• **Supplied material**:
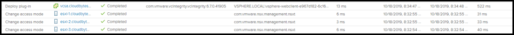 While the install is taking place, if you navigate to your vCenter server Recent Tasks pane you will see the ESXi hosts being prepared.
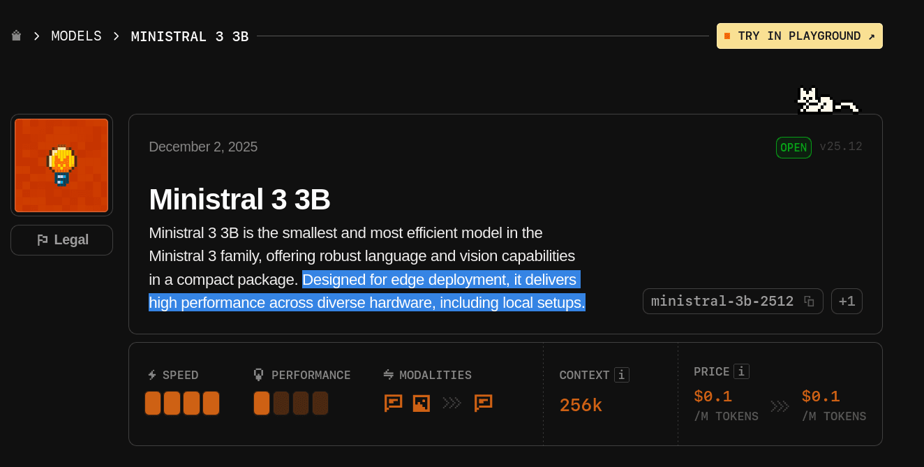 Ministral 3 3B is the smallest and most efficient model in the Ministral 3 family. Mistral 3 includes three state-of-the-art small-dense models: 14B, 8B, and 3B, along with Mistral Large 3, the most capable model to date from Mistral. All models in this family are open source under the Apache 2.0 license, which means you can fine-tune and use them commercially for free.
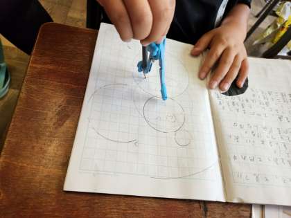 かきたい円の半径の長さに合わせてコンパスを開く、針をさす、少し傾けながら回す…初めてコンパスを扱う子どもたちにとっては難しいことだらけです。
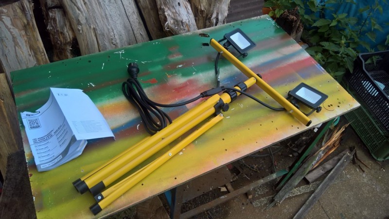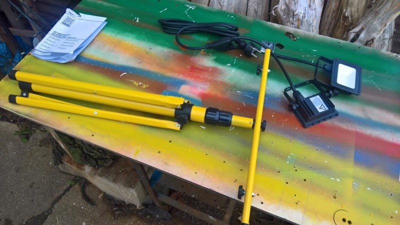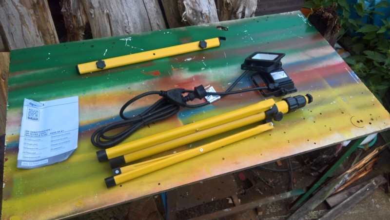 A jako poslední tu je pracovní světlo s praktickým stojanem (trojnožkou). Světlo se skládá ze dvou LED světel na výškově stavitelném stojanu. Výšku lze nastavit do 150 cm.
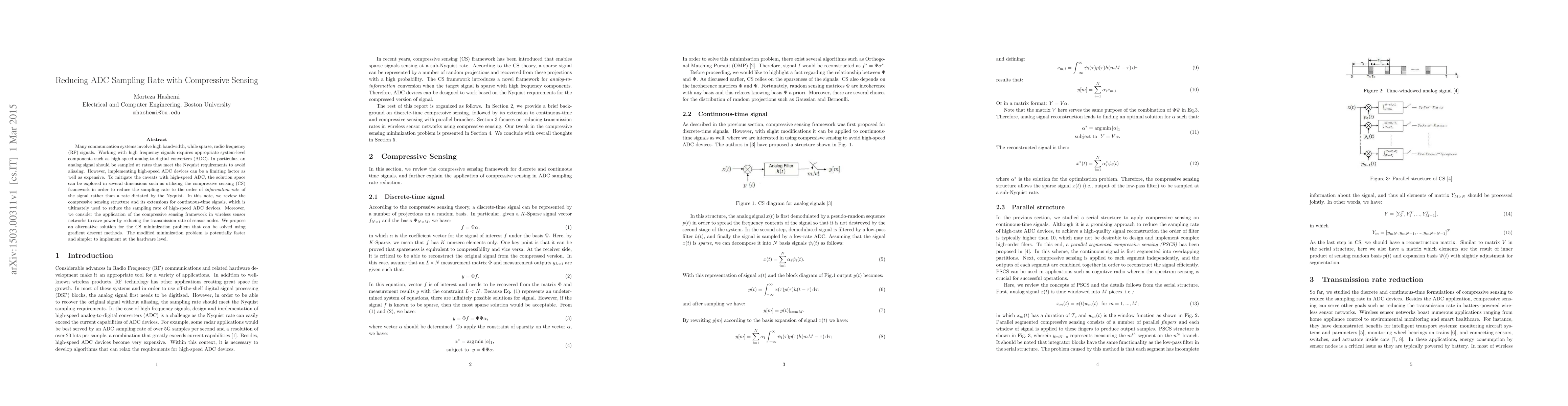 Many communication systems involve high bandwidth, while sparse, radio frequency (RF) signals. Working with high frequency signals requires appropriate system-level components such as high-speed analog-to-digital converters (ADC). In particular, an analog signal should be sampled at rates that meet the Nyquist requirements to avoid aliasing. However, implementing high-speed ADC devices can be a limiting factor as well as expensive. To mitigate the caveats with high-speed ADC, the solution space can be explored in several dimensions such as utilizing the compressive sensing (CS) framework in order to reduce the sampling rate to the order of information rate of the signal rather than a rate dictated by the Nyquist. In this note, we review the compressive sensing structure and its extensions for continuous-time signals, which is ultimately used to reduce the sampling rate of high-speed ADC devices. Moreover, we consider the application of the compressive sensing framework in wireless sensor networks to save power by reducing the transmission rate of sensor nodes. We propose an alternative solution for the CS minimization problem that can be solved using gradient descent methods. The modified minimization problem is potentially faster and simpler to implement at the hardware level.
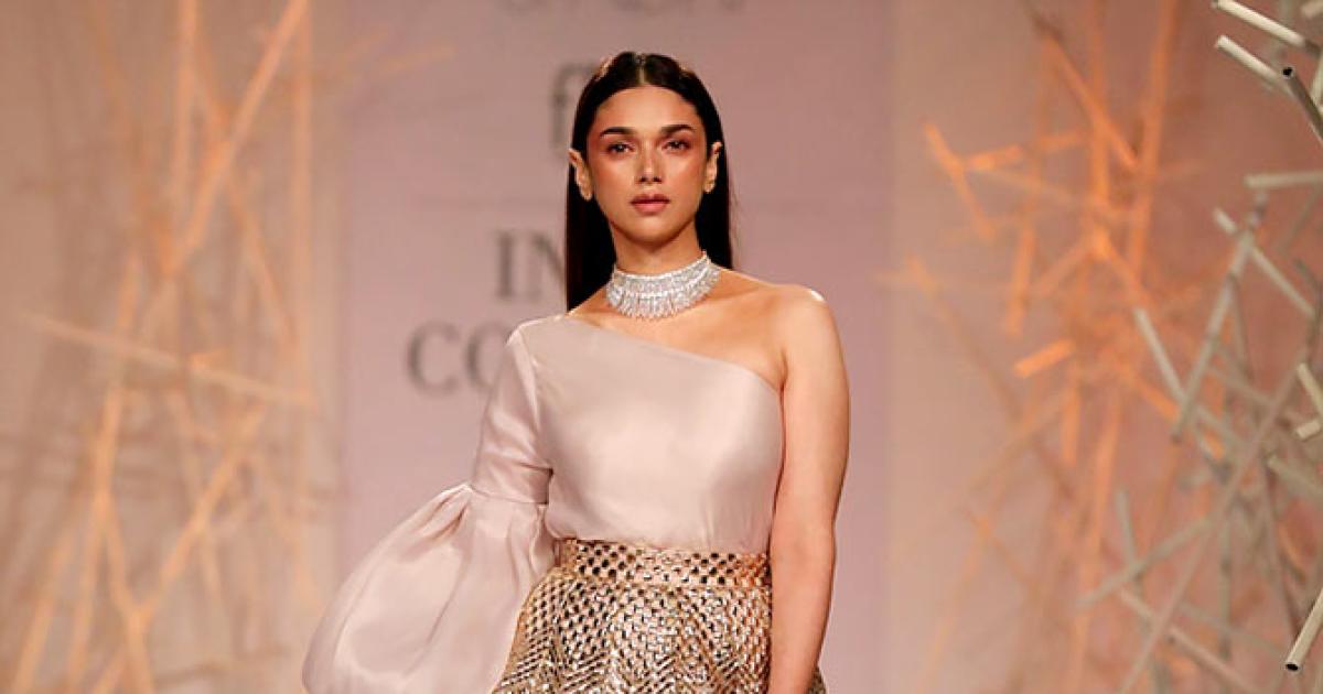 Aditi Rao Hydari looked ethereal as she turned showstopper for designers Pankaj and Nidhi for their debut couture collection titled Mosaiq.
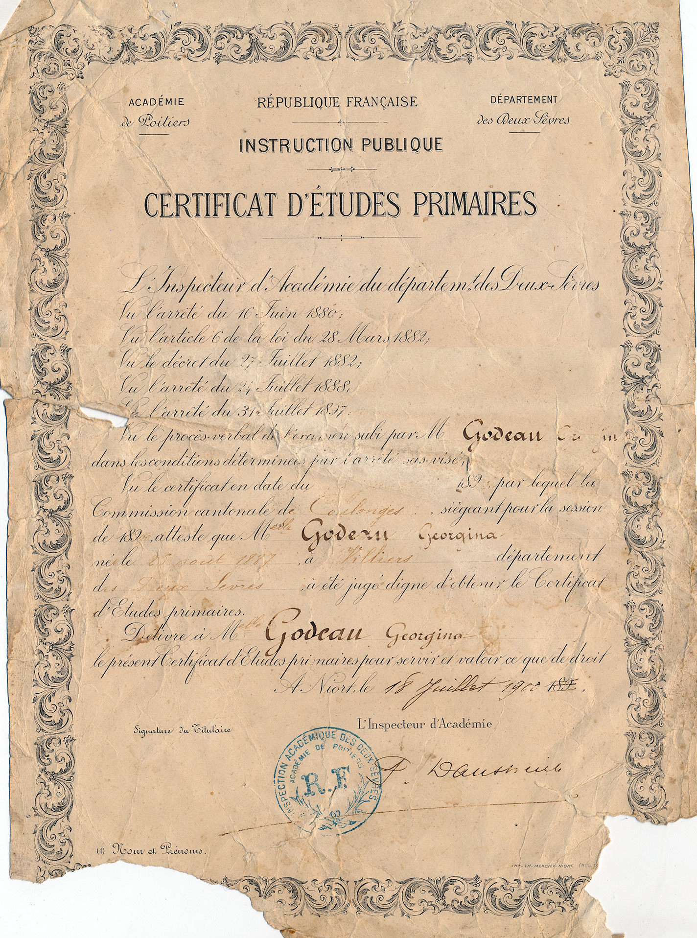 Naissance : 26 août 1887 à Villiers-en-Plaine 79160 Diplômes :
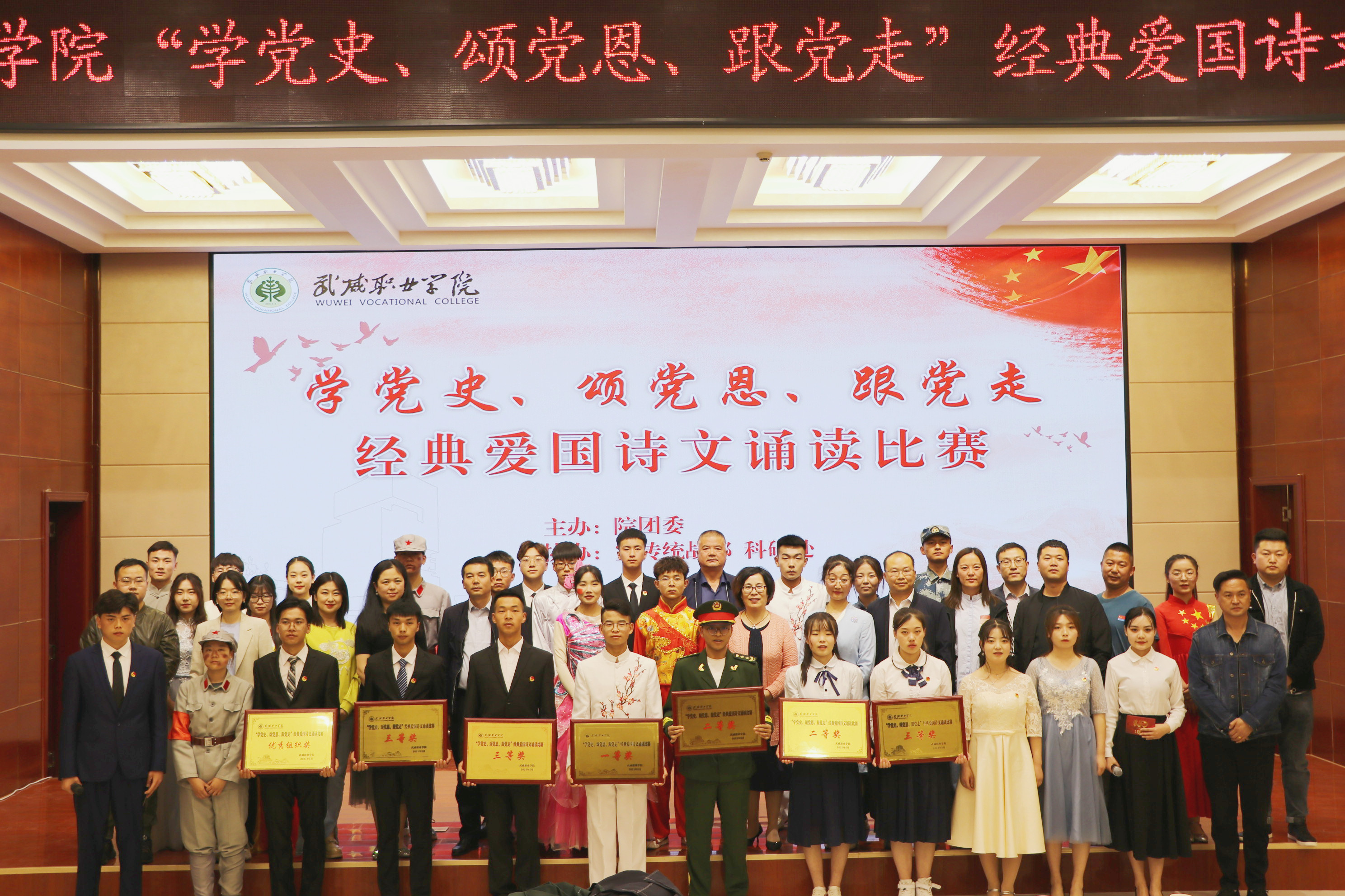 今年正值建黨100周年,為深化學(xué)黨史教育活動(dòng),鼓勵(lì)當(dāng)代大學(xué)生通過誦讀愛國(guó)詩文,頌揚(yáng)黨的光輝歷史,抒發(fā)愛黨愛國(guó)情懷,更加堅(jiān)定理想信念,堅(jiān)定跟黨初心。5月18日晚,學(xué)院團(tuán)委在菁英廳舉辦“學(xué)黨史、頌黨恩、跟黨走”經(jīng)典愛國(guó)詩文誦讀大賽決賽。黨委委員、副院長(zhǎng)王守云出席活動(dòng)并為獲獎(jiǎng)代表隊(duì)頒獎(jiǎng),200多名師生觀看了比賽。
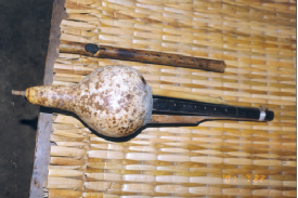 阿昌族的樂器主要有竹琴、洞簫、葫蘆簫(右圖,劉軍攝)、三月簫、銅口弦、三弦、象腳鼓(下圖,蒙哥提供)、铓鑼等。葫蘆簫是用葫蘆連接三根竹管制成的,它有7個(gè)音,音量小,音調(diào)低緩圓潤(rùn),一般晚上用。三月簫用一根竹管制成,也有7個(gè)音,它的音量大,音色細(xì)亮,多在白天使用。葫蘆簫和三月簫不僅是阿昌族人民心愛的傳統(tǒng)樂器,還是男女青年傳情示愛的媒介。
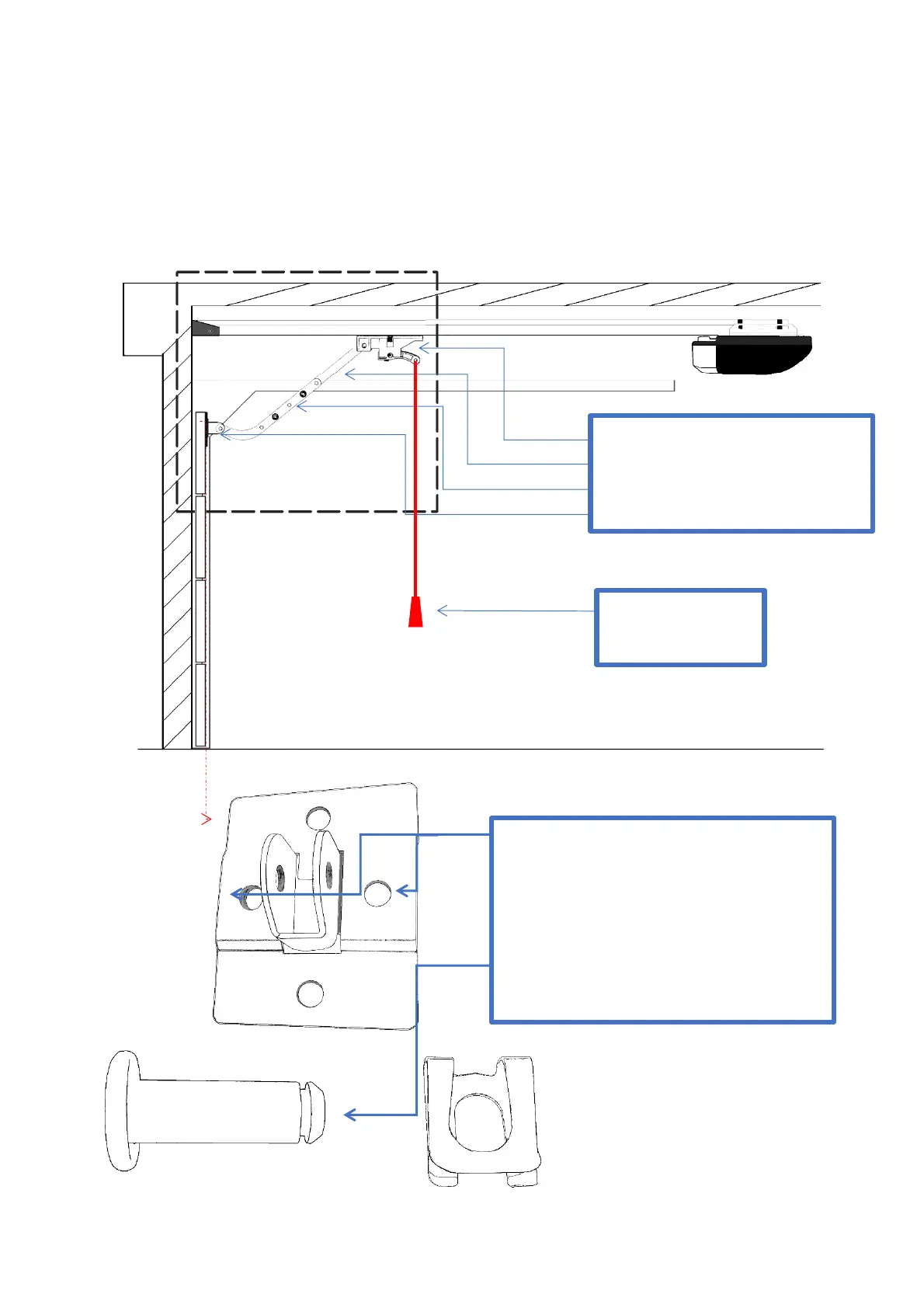 L arm to the door bracket with the pin and the split pin. Connect the straight arm to the shuttle with
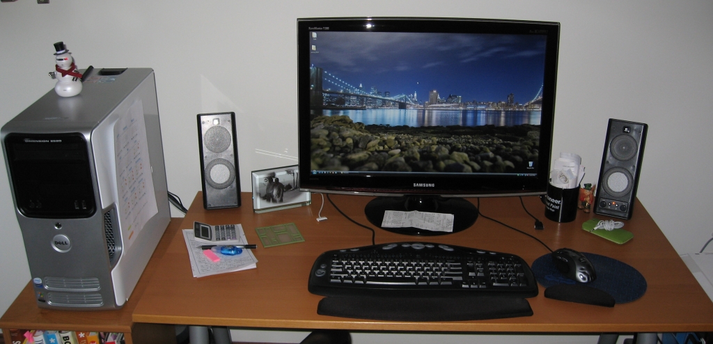 Dark_ph0enix Posted January 1, 2009 Share Posted January 1, 2009 My rat's nest of a workstation. I make no apologies for the mess, as it is a workstation (primarily). :-)I do apologize though for the dark/crummy picture quality. If it works for you, then that's all that matters, right? I'll try and take a piccy or two of my set-up over the weekend - nothing spectacular, truth be told, as it's kinda in a holding pattern, until I can re-jig the room (I'm replacing the sofa, which'll give me a bit more room) Link to comment Share on other sites More sharing options...
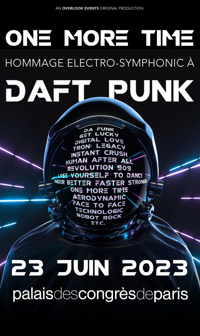 One More Time est l'expérience électro-symphonique inédite dédiée à l'un des groupes français les plus légendaires de son époque, avec plus de 50 musiciens sur scène pour un spectacle son et lumière hors du commun !
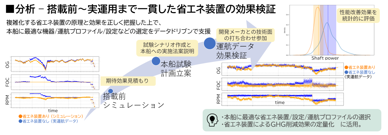 省エネ装置を船舶に搭載しておしまいにするのではなく、搭載後の効果検証を実施することにより、推進性能改善効果を定量的に把握し、他船への横展開や次の一手の検討に進むことが、燃費改善を進める上で重要です。
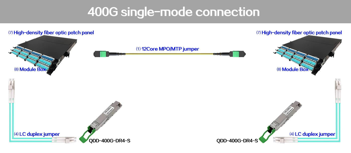 When the 400G QSFP-DD DR4 optical modules at both ends of the machine room can be connected through MPO/MTP-8 single-mode fiber jumpers to achieve 400G transmission.
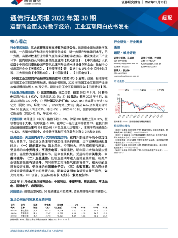 【国信证券】【20221113】通信行业周报2022年第30期:运营商全面支持数字经济,工业互联网白皮书发布-25页
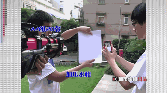 尤其是高压水枪极易射伤眼睛。市场上的水枪射程基本都在7.5米以上,就能普通水枪几秒内也能击穿1张A4纸。
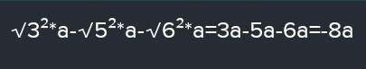 это не правильно должно быть так √9а+√25а-√49а=√3²а+√5²а-√7²а=так как квадраты сокращаются будет 3а+5а-7а=1а
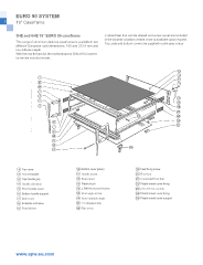 EURO 90 SYSTEM 8 19” Caseframe 3HE and 6HE 19” EURO 90 caseframe 2 raised feet that can be altered and a rear panel are included in the kit while a bottom vented cover is available upon request. This range of aluminium desk top caseframes is available in two Top, side and bottom covers are supplied in pale grey colour. different European card dimensions, 100 and 233,4 mm and four different depth. With the rear tie bars kit, the motherboard or DIN 41612 connec- tor can be mounted inside. 1 Top cover 10 Bottom cover (plain) 19 Feet fixing screw 2 Front endplate 11 Handle screw 20 Rear feet 3 Top handle grip 12 Rear panel 21 Concealed front feet 4 Handle extrusion 13 Plastic bush 22 Plastic insert cover fixing 5 Front handle cover 14 2.5MA front panel screw 23 2.9 x 9.5 TS x screw 6 Bottom handle support 15 Rear angle screw 24 Plastic insert cover fixing 7 Side cover 16 Rear endplate angle 25 Plastic insert cover support 8 Endplate extrusion 17 2.5 strapped strip 9 Front tie bar 18 Side cover www.apw.eu.com
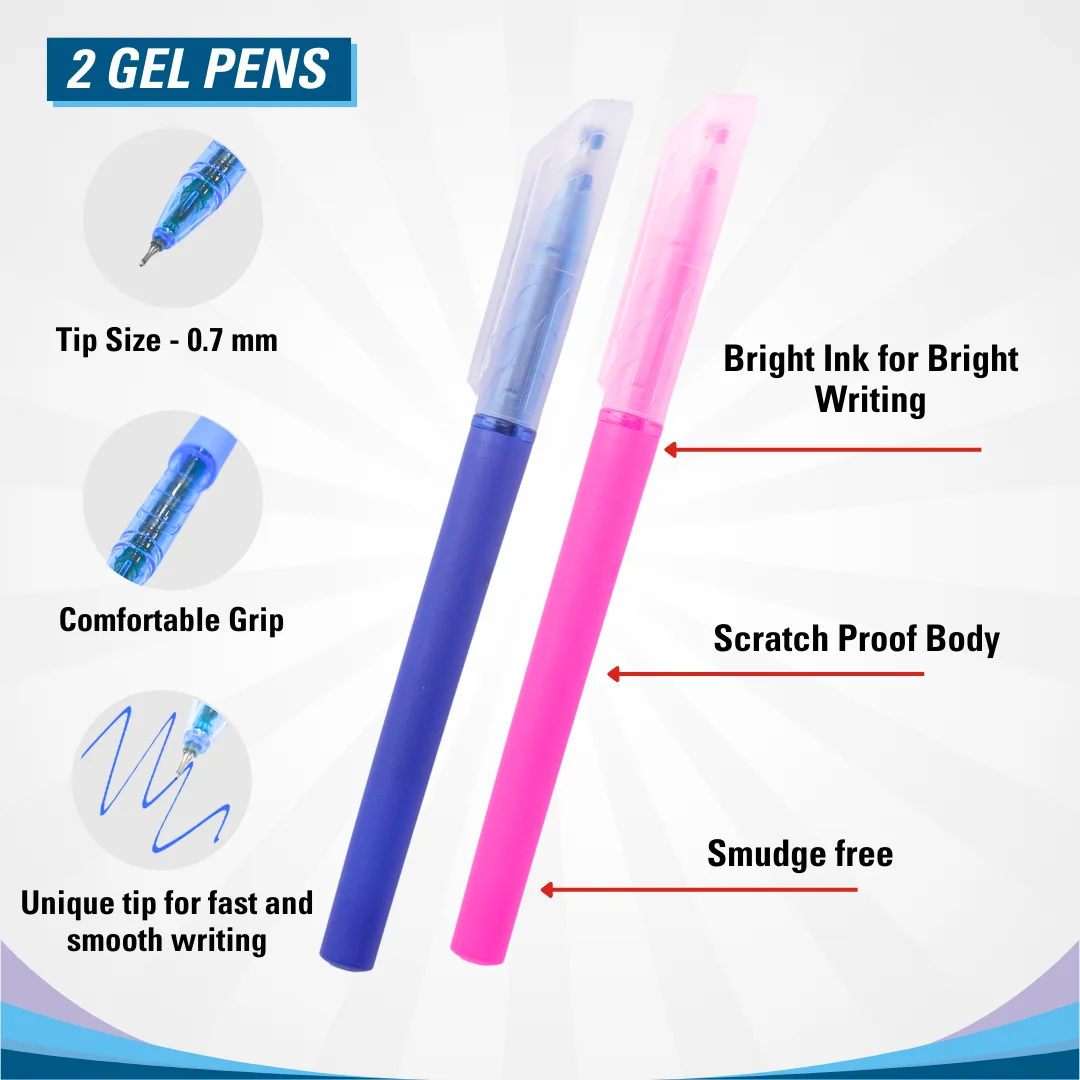 10. 2 Gel Pens: Tip size of 0.7 mm with a comfortable grip, designed for fast and smooth writing. Features smudge-free, bright ink and a scratch-proof body.

• **Directions**: Find the line containing "When the 400G" in the listing above. Please restate word for word that line through the last one, leaving out the pictures.

• **Solution to the exercise**:
 When the 400G QSFP-DD DR4 optical modules at both ends of the machine room can be connected through MPO/MTP-8 single-mode fiber jumpers to achieve 400G transmission.
 【国信证券】【20221113】通信行业周报2022年第30期:运营商全面支持数字经济,工业互联网白皮书发布-25页
 尤其是高压水枪极易射伤眼睛。市场上的水枪射程基本都在7.5米以上,就能普通水枪几秒内也能击穿1张A4纸。
 это не правильно должно быть так √9а+√25а-√49а=√3²а+√5²а-√7²а=так как квадраты сокращаются будет 3а+5а-7а=1а
 EURO 90 SYSTEM 8 19” Caseframe 3HE and 6HE 19” EURO 90 caseframe 2 raised feet that can be altered and a rear panel are included in the kit while a bottom vented cover is available upon request. This range of aluminium desk top caseframes is available in two Top, side and bottom covers are supplied in pale grey colour. different European card dimensions, 100 and 233,4 mm and four different depth. With the rear tie bars kit, the motherboard or DIN 41612 connec- tor can be mounted inside. 1 Top cover 10 Bottom cover (plain) 19 Feet fixing screw 2 Front endplate 11 Handle screw 20 Rear feet 3 Top handle grip 12 Rear panel 21 Concealed front feet 4 Handle extrusion 13 Plastic bush 22 Plastic insert cover fixing 5 Front handle cover 14 2.5MA front panel screw 23 2.9 x 9.5 TS x screw 6 Bottom handle support 15 Rear angle screw 24 Plastic insert cover fixing 7 Side cover 16 Rear endplate angle 25 Plastic insert cover support 8 Endplate extrusion 17 2.5 strapped strip 9 Front tie bar 18 Side cover www.apw.eu.com
 10. 2 Gel Pens: Tip size of 0.7 mm with a comfortable grip, designed for fast and smooth writing. Features smudge-free, bright ink and a scratch-proof body.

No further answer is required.